Sunday, July 12, 2009

Kremlin Chimes from Saviour (Spasskaya ) Tower (Frolovskaya).

I have listened to these bells for years in the days of Radio Moscow World Service. But I didn't realise until now that the chimes have always been built by Dutchmen.

On April, 16, 1658, according to the decree of Tsar Alexey Mikhailovich, the tower was renamed Spasskaya after the Vernicle Icon placed over the gate facing Red Square. The icon itself has not survived. Russian architect Bazhen Ogurtsov (Cucumber) and English clockmaster Christopher Galloway supervised the construction of the marquee.

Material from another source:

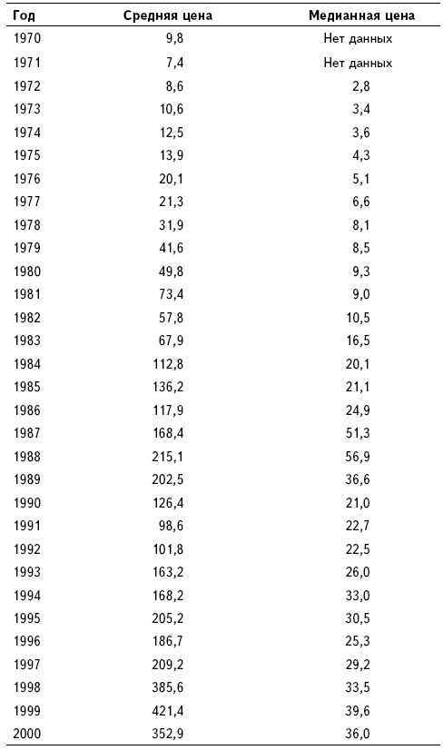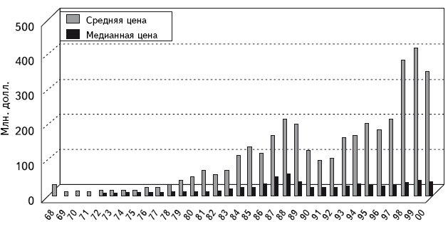 Таблица 2.7. Средняя и медианная цена покупки в США, 1970–2000 гг. (млн. долл.)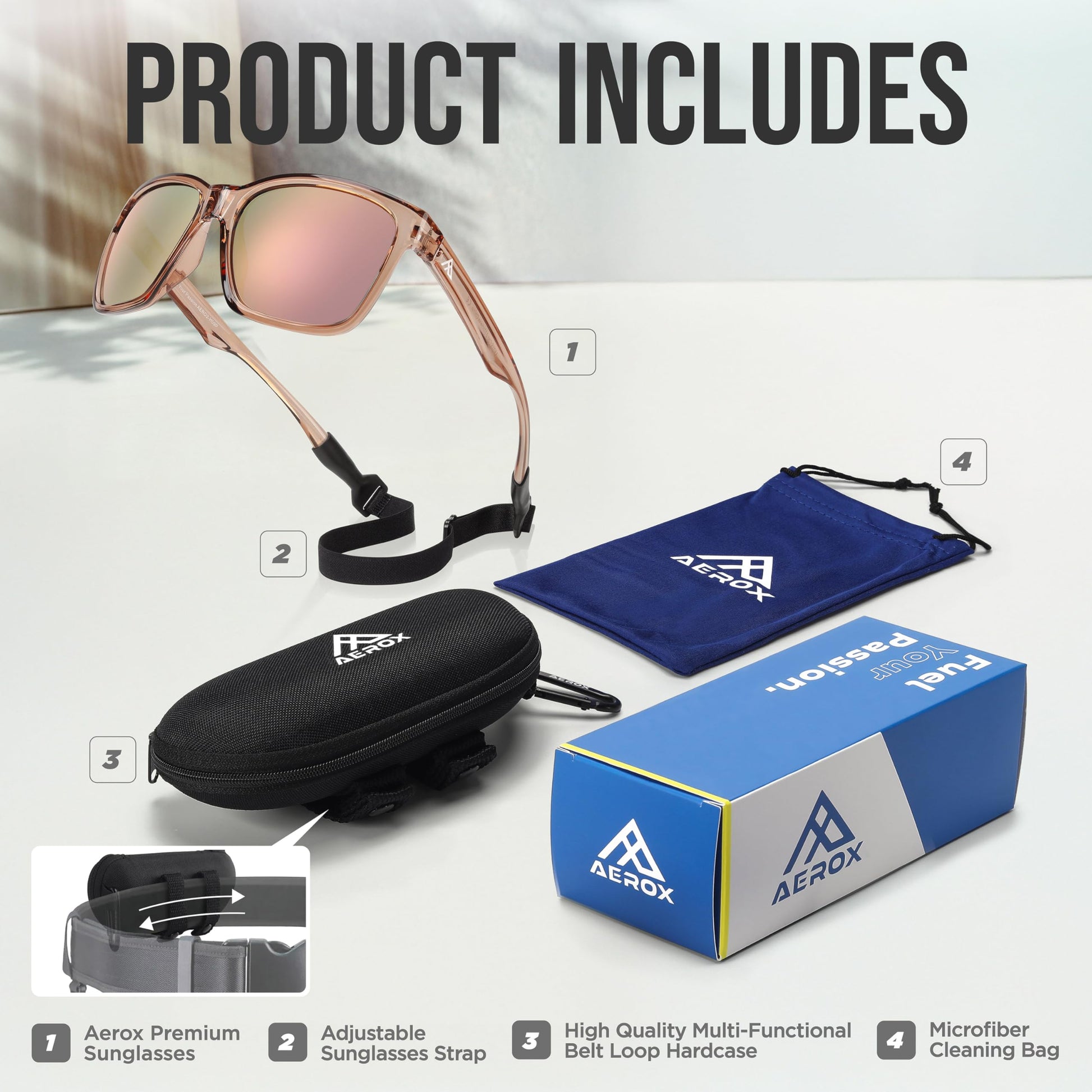 - ADVENTURE-READY BUNDLE: CASE & ACCESSORIES INCLUDED: AEROX sunglasses come with a premium hard-shell case, belt loop & clip, plus a carabiner & adjustable strap to keep them secure. Ideal for sports, travel, and daily commutes, ensuring your eyewear is always protected.

The first clock on the Spasskaya Tower was installed by Galloway's team. In 1707, a Dutch musical carillion chime was sent to Moscow on the order of Tsar Peter the Great. That lasted a century. Ivan Butenop and his brother Nicholas, Moscow mer­chants of Dutch origin, founded in Moscow in 1830 a mech­anical workshop manufacturing farm machinery, fire-fight­ing hoses and tower clocks. From 1851 to 1852 the Butenop Brothers fully reconstructed the Kremlin chimes inside the Tower of the Savior in Moscow. For the following 15 years the Butenop Brothers mechanical es­tablishment took care of the proper operation of the mechan­ism of the chimes and the firm's craftsman wound them.